**Exercise prompt:** Everything in the records below from the line containing "大家好,跳跳为你解答以上问题" through the line containing "The Tahiti is" is to be reproduced exactly, those two lines included; no picture is to be copied.

**Raw data:**
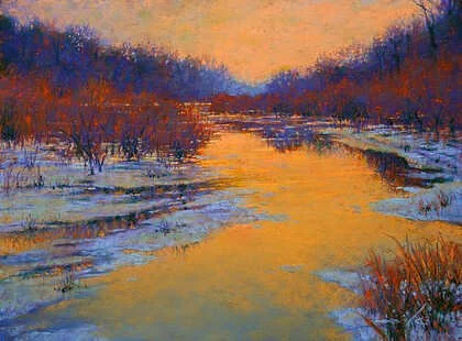 The setting sun is the focal point of this wonderful painting. Its glow filters through the foreground trees with a rim of warm color, casting cool blue shadows on the snow. Lively marks create grasses peeking through the snow cover, and their repetition pulls our eyes into the painting. Clouds and distant mountains are conveyed with fresh strokes, and accurate values hold everything together.
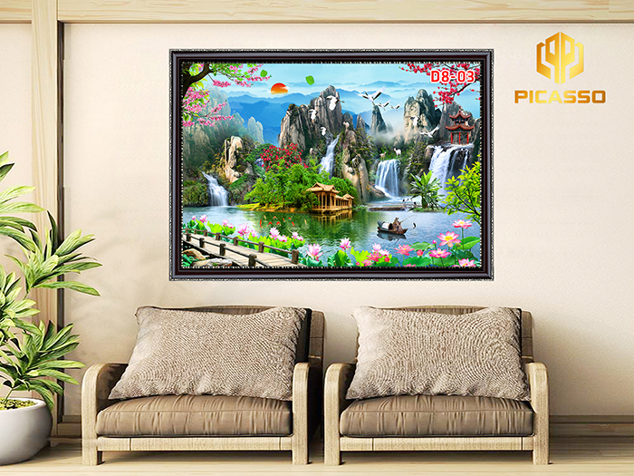 Tranh Kính 3D Cường Lực - Tranh Lụa 5D Sơn Thủy Hữu Tình Đẹp - Tranh 3D Nhật Minh 0963 681 665
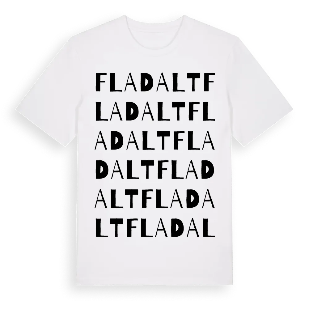 Fladalt ordlek t-shirt är inspirerad av byn Fladalt i Hallands län, Sverige. Tröjan är designad för dig som har en speciell koppling till platsen – oavsett om du bor här, har rötterna här eller bara älskar Fladalt.
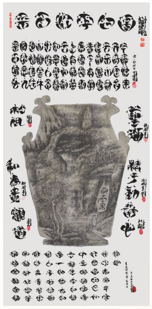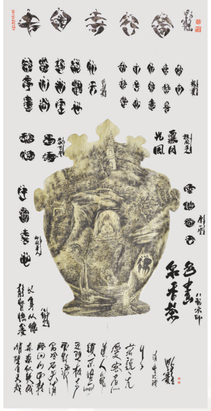 "瓶形字画"是指一种主要用在透彻的古今形象陶、青铜、瓷器、玉石器、黄金白银器等种类,小瓶子内的绘画,有人物、山水、花鸟等无所不及一系列和自创"辣形字画"柳体、鱼体、鸟体、竹体、叶体、龟园书体等无所不及创作。可以说是国际创始人。学宝深切体会而自求:以一种心绪来展示中国传统文化自然而生的"澄怀味象"从"天人合一"中去拓展绘画,将传统的中国绘画解读一种新的人文精神境界,去灵牲入化的"如梦家园"。孔子语:"坐而渝道,不如起行之"…
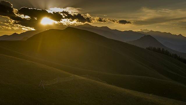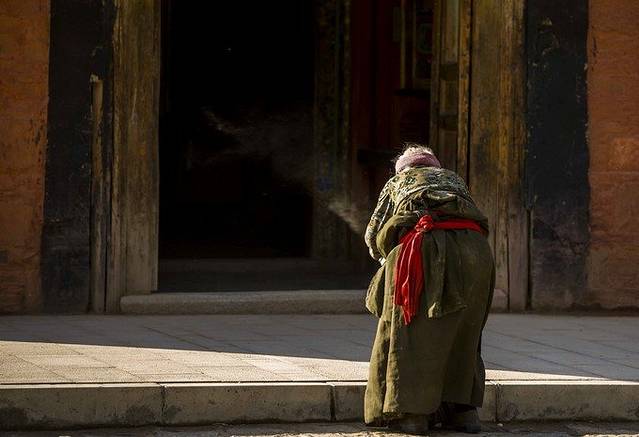 早上五点,天还是漆黑,一个人爬起来,问着路,爬到了拉扑楞寺后面晒佛台的山上,等待日出。山虽然不高,但背着沉重的相机包,猛爬一段后开始觉得心跳加速头晕眼花,连忙站住调整呼吸,等平稳了一步一步慢慢上。
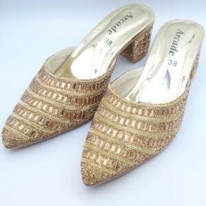 - Durable sole with a subtle bronze-metallic trim
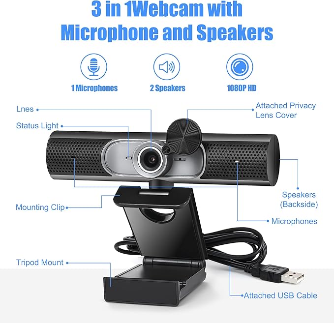 ウェブカメラ(マイク・スピーカー内蔵)|1080P デスクトップ/ノートPC用 USB接続 物理プライバシーカバー付き プラグ&プレイ ストリーミング対応 広角レンズ 3-in-1
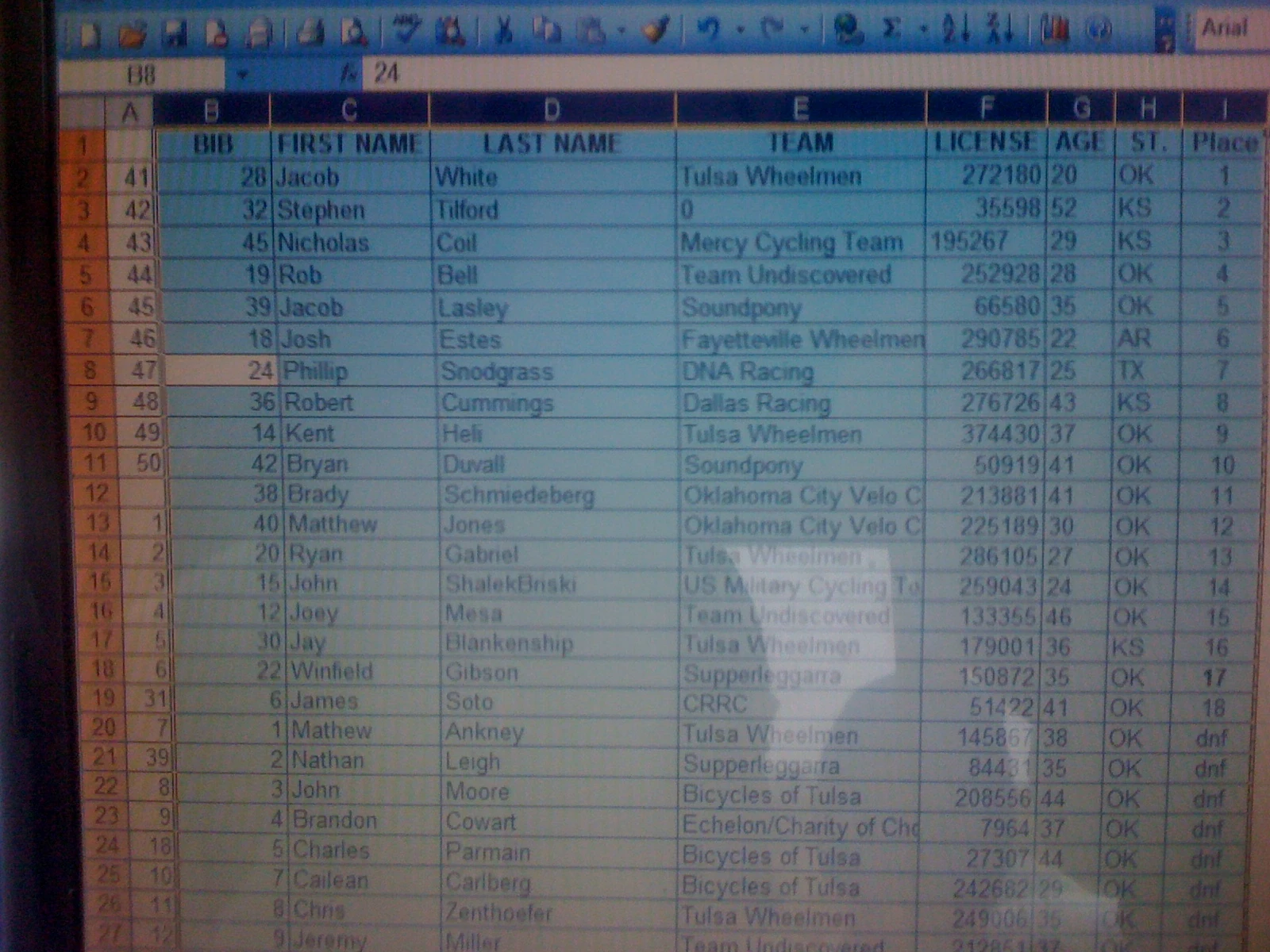 That pretty much describes yesterday’s road race at Skiatook Lake, North of Tulsa. I don’t know what the problem was really. Probably a lot of things adding up to nearly a total disaster.
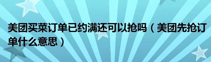 大家好,跳跳为你解答以上问题。美团买菜订单已约满还可以抢吗,美团先抢订单什么意思这个问题很多人还不知道,现在让我们一起来看看吧!
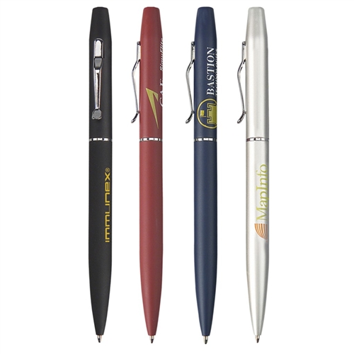 The Tahiti is a classic design twist action ballpoint pen with shining chrome, wavy clip and trims.
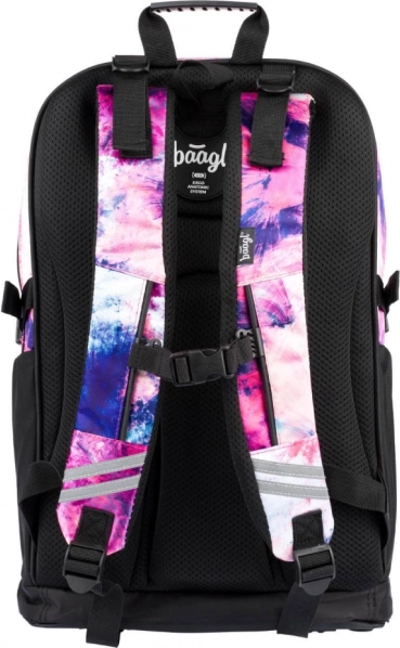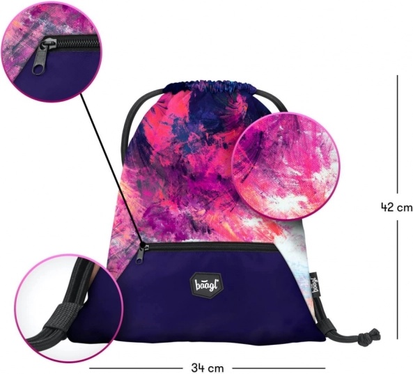 Stylowy zestaw szkolny dla dziewczynek BAAGL Abstract zawiera pojemny, trzykomorowy plecak, praktyczny worek na plecy oraz solidny piórnik. Oferuje ergonomiczne plecy, bogatą organizację, elementy odblaskowe i trwałe materiały w nowoczesnym fioletowo‑różowym designie z detalami. Idealny od 3. klasy szkoły podstawowej.

**Answer space:**
 大家好,跳跳为你解答以上问题。美团买菜订单已约满还可以抢吗,美团先抢订单什么意思这个问题很多人还不知道,现在让我们一起来看看吧!
 The Tahiti is a classic design twist action ballpoint pen with shining chrome, wavy clip and trims.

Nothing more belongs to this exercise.